Criticism #4: Assumes a derivative contract termination process out of a parallel universe

This is perhaps the most egregious — and revealing — mistake that Yves makes. It shows just how little she (and Satyajit Das, who she quotes extensively) really know about the resolution authority. Das throws around a lot of fancy terms and describes a lot of scary-sounding problems with derivatives, but his entire analysis is based on the flawed premise that counterparties would have had the right to terminate their derivatives. Let me make this as clear as possible: there would have been no derivative contract termination process for the vast majority of Lehman’s derivatives under the resolution authority. Just like in FDIC resolutions of regular depository institutions, section 210(c)(10)(B) of Dodd-Frank prohibits counterparties from exercising their right to “terminate, liquidate, or net” their derivatives for one day after the FDIC is appointed as the receiver, during which time the FDIC can transfer the failed company’s derivatives to another financial institution. This supersedes the “Automatic Early Termination” clause in the ISDA Master Agreement.

This is exactly what the FDIC describes happening with Lehman: if Yves and Das had bothered to read the entire FDIC report, they’d know that the P&A transactions would have transferred the holding company, the US broker-dealer, and the broker-dealer’s derivatives dealing subsidiaries (LBSF and LBDP) to Barclays. Because these transfers would have occurred simultaneously with the FDIC’s appointment as receiver, the derivatives counterparties would not have had an opportunity to exercise their termination rights. Period. That’s why the FDIC paper didn’t address how termination and set-off rights work in different jurisdictions. Also, Das claims that the FDIC paper includes “no recognition of how collateral held against trades would work.” Again, yes, it does. (Seriously guys, read the paper.) From page 17:
“Lehman’s derivatives trading was conducted almost exclusively in its broker-dealer, LBI, and in LBI’s subsidiaries. As a result, Barclays’ acquisition of the broker-dealer group would have transferred the derivatives operations, together with the related collateral, to Barclays in its entirety as an ongoing operation.”

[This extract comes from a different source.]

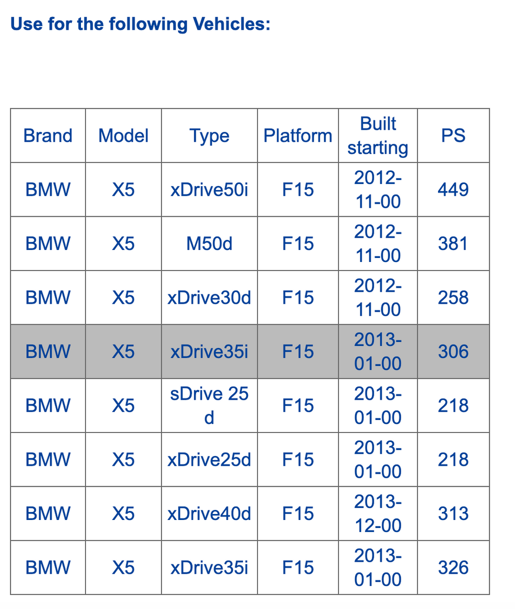 BMW X5 F15, F85 xDrive35i 2013/11-2018/12 2979 ccm, 240 KW, 326 PS

Finally, Das claims that LBIE was entirely funded by LBHI. I never said that LBIE was entirely funded by LBHI. But it was absolutely, indisputably dependent on LBHI for the vast majority of its day-to-day funding. From the LBIE administrator’s first Witness Statement:
“As part of its global treasury management, the Lehman Group operated a centralised treasury function. Accordingly, LBIE did not have control over bank accounts. Instead, payments were made into and from accounts maintained at group level (that is, at LBHI level). During each trading day, LBHI transferred cash to enable the Lehman Group companies, including LBIE, to meet their cash requirements during that day. The companies within the Lehman Group were therefore reliant upon receipt of that cash from LBHI each day to enable them to meet their obligations.”
That’s about all I can stomach right now. Like I said, I don’t expect Yves to change her mind, or admit that she was wrong. That’s fine. She can believe whatever she wants to believe. I just wanted to demonstrate that her criticisms are baseless and ill-informed. If anyone wants to have a real discussion of the resolution authority, I’m willing. But I’m done responding to criticisms of the Title II resolution authority from people who can’t be bothered to actually read Title II.